*Exercise description*:
The entire listing below is to be written out exactly, minus the pictures.

*Information shown*:
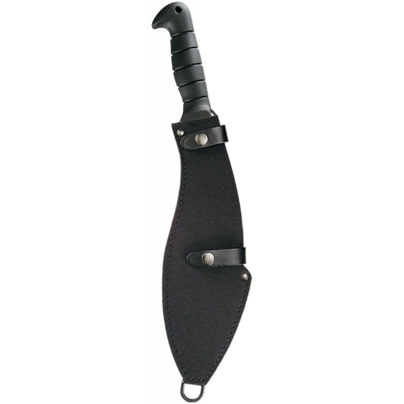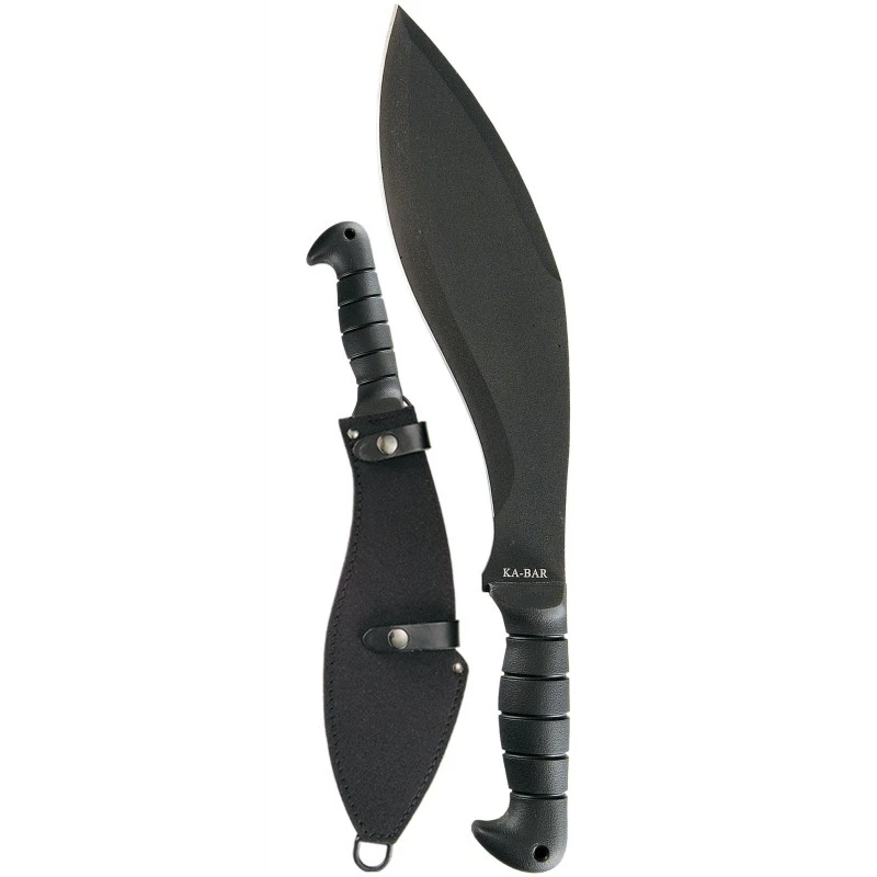 La machette Kukri mesure 43cm au total avec une lame de 28cm et est livrée avec un étui combiné cuir noir/Cordura.
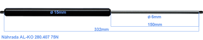 Náhrada plynové pružiny za AL-KO 280.407 75 N. Závit: M5. Značka: HAHN.
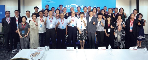 ▲( 最前排左6起)文化台灣基金會榮譽董事長洪孟啟、台灣旅遊交流協會理事長賴瑟珍、旅行業全聯會理事長蕭博仁、海峽兩岸旅遊交流協會台北辦事處主任任佳燕,與文化、傳媒、旅遊、藝術等各界嘉賓合影。

*Solution below*:
 La machette Kukri mesure 43cm au total avec une lame de 28cm et est livrée avec un étui combiné cuir noir/Cordura.
 Náhrada plynové pružiny za AL-KO 280.407 75 N. Závit: M5. Značka: HAHN.
 ▲( 最前排左6起)文化台灣基金會榮譽董事長洪孟啟、台灣旅遊交流協會理事長賴瑟珍、旅行業全聯會理事長蕭博仁、海峽兩岸旅遊交流協會台北辦事處主任任佳燕,與文化、傳媒、旅遊、藝術等各界嘉賓合影。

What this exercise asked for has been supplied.